Yep.  Often people, like the petitioners who are dead set against the nuclear power plant, confuse risk with uncertainty.  All we can do is estimate the probabilities as best as we can.
Frank Knight was an idiosyncratic economist who formalized a distinction between risk and uncertainty in his 1921 book, Risk, Uncertainty, and Profit. As Knight saw it, an ever-changing world brings new opportunities for businesses to make profits, but also means we have imperfect knowledge of future events. Therefore, according to Knight, risk applies to situations where we do not know the outcome of a given situation, but can accurately measure the odds. Uncertainty, on the other hand, applies to situations where we cannot know all the information we need in order to set accurate odds in the first place.

“There is a fundamental distinction between the reward for taking a known risk and that for assuming a risk whose value itself is not known,” Knight wrote. A known risk is “easily converted into an effective certainty,” while “true uncertainty,” as Knight called it, is “not susceptible to measurement.”
We can always invoke uncertainty in order to oppose any project.  In fact, that is very much one of the arguments that some committed environmentalists use when they base their opposition on the "precautionary principle."

The Supreme Court also had observations on energy and economic development, and the critical importance of Kudankulam:
Quoting a report of the International Atomic Energy Agency (IAEA), the Bench said: “The report highlights that to sustain rapid global economic growth, it is necessary to double the supply of energy and tripling supply of electricity by 2050. Further, it is stated billions of poor people need energy and other life-saving and job-creating technologies.”
India, as I have often noted here, is a power-starved country.  Tamil Nadu, where this nuclear power plant is located, has acute electricity shortages--so much so that there are regularly scheduled rotating outages, which is more than 12 to 14 hours every day in the rural areas.  India has a huge challenge in terms of electricity generation.  In such a context, to oppose the Kudankulam project simply because it has the word "nuclear" in it is awfully stupid and irresponsible.

I wonder if the opponents in India are aware that one of the original founders of the no-nuke-movement--the co-founder of Greenpeace, Patrick Moore--has long since ditched his opposition and has apologized for equating nuclear power plants with nuclear bombs.  Or that even the climate change guru, James Hansen, calculates that nuclear power plants have saved lives that would have been lost because of pollution from coal-fired plants that would have otherwise been built.  Do the opponents really prefer that India build more coal power plants instead?  Or, do they want to condemn the hundreds of millions of India's poor to their poor and neglected state?

As a former minister for India's environment bluntly stated:
“I know the environmentalists will not be very happy with my decision, but it is foolish romance to think that India can attain high growth rate and sustain the energy needs of a 1.2 billion population with the help of solar, wind, biogas and such other forms of energy.

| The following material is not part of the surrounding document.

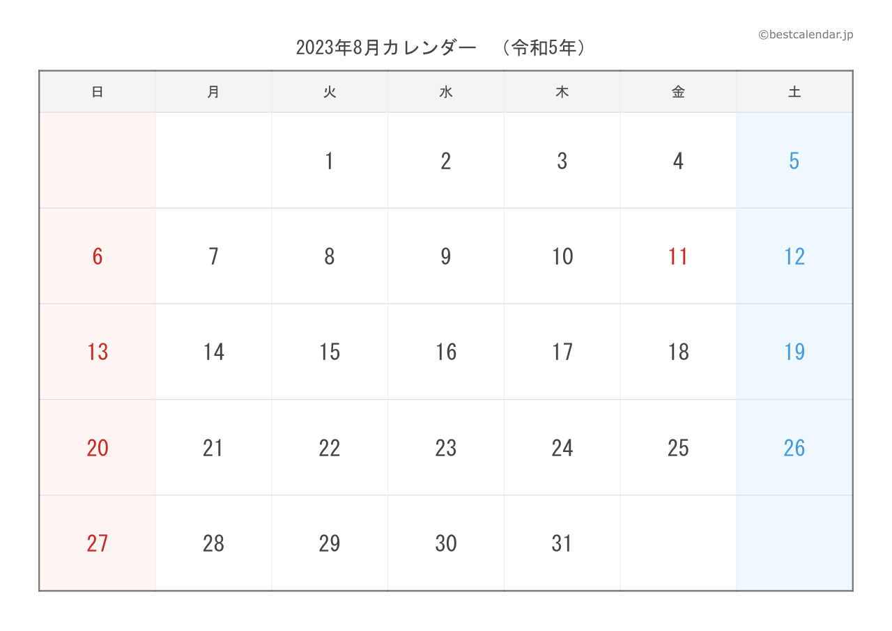 2023年8月のカレンダーです。A4サイズ横向きで印刷に最適化されています。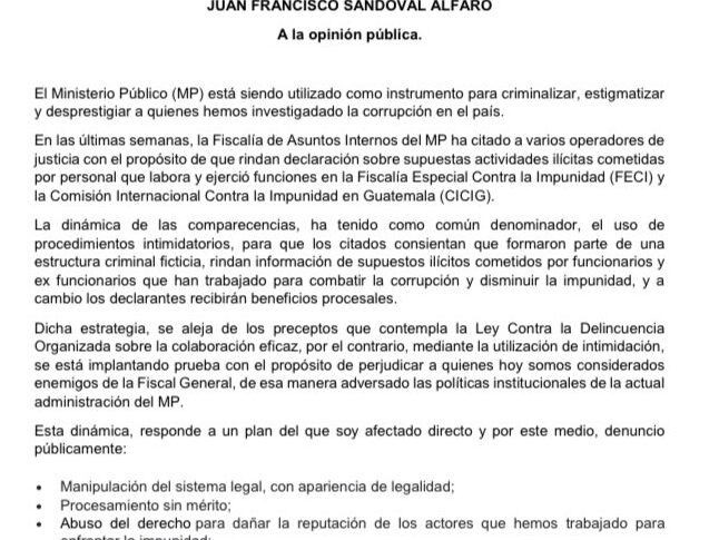 El domingo 7 de noviembre, Juan Francisco Sandoval publicó un comunicado en el que denuncia a la Fiscalía de Asuntos Internos del Ministerio Público (MP). Y asegura que es utilizado como “instrumento” para criminalizar, estigmatizar y desprestigiar a quienes han investigado la corrupción en el país.

It is paradoxical that environmentalists are against nuclear energy”
Yes, "foolish romance" indeed!

3 comments:

Ramesh said...

The central point of your post is so unarguable that I can add little to it. Being in an impish mood, I can however say that the student who made the wisecrack in your class will be sorely disappointed if that level of perfectness was his impression of the portion of the anatomy in question :):)

The Million Miler said...

The next thing we will hear is that all forms of travel - rail, road, air, sea will need to be banned because there is the risk of people dying. Luddites will remain Luddites (note the double d here!) Despite all the euphoria, tree hugging and planet saving stunts, tidal,wind,solar power have remained elusive. Has anyone tried calculating the total energy footprint of the battery operated automobiles? The cost of buring fossil fuels to make the batteries and to make electricity to charge batteries??

Sriram Khé said...

hehe ... "double d" in LuDDites and the disappointment in the anatomy of the DD not being all that perfect ... (btw, there are plenty of cosmetic surgeons who can create unnaturally perfect shapes!!!)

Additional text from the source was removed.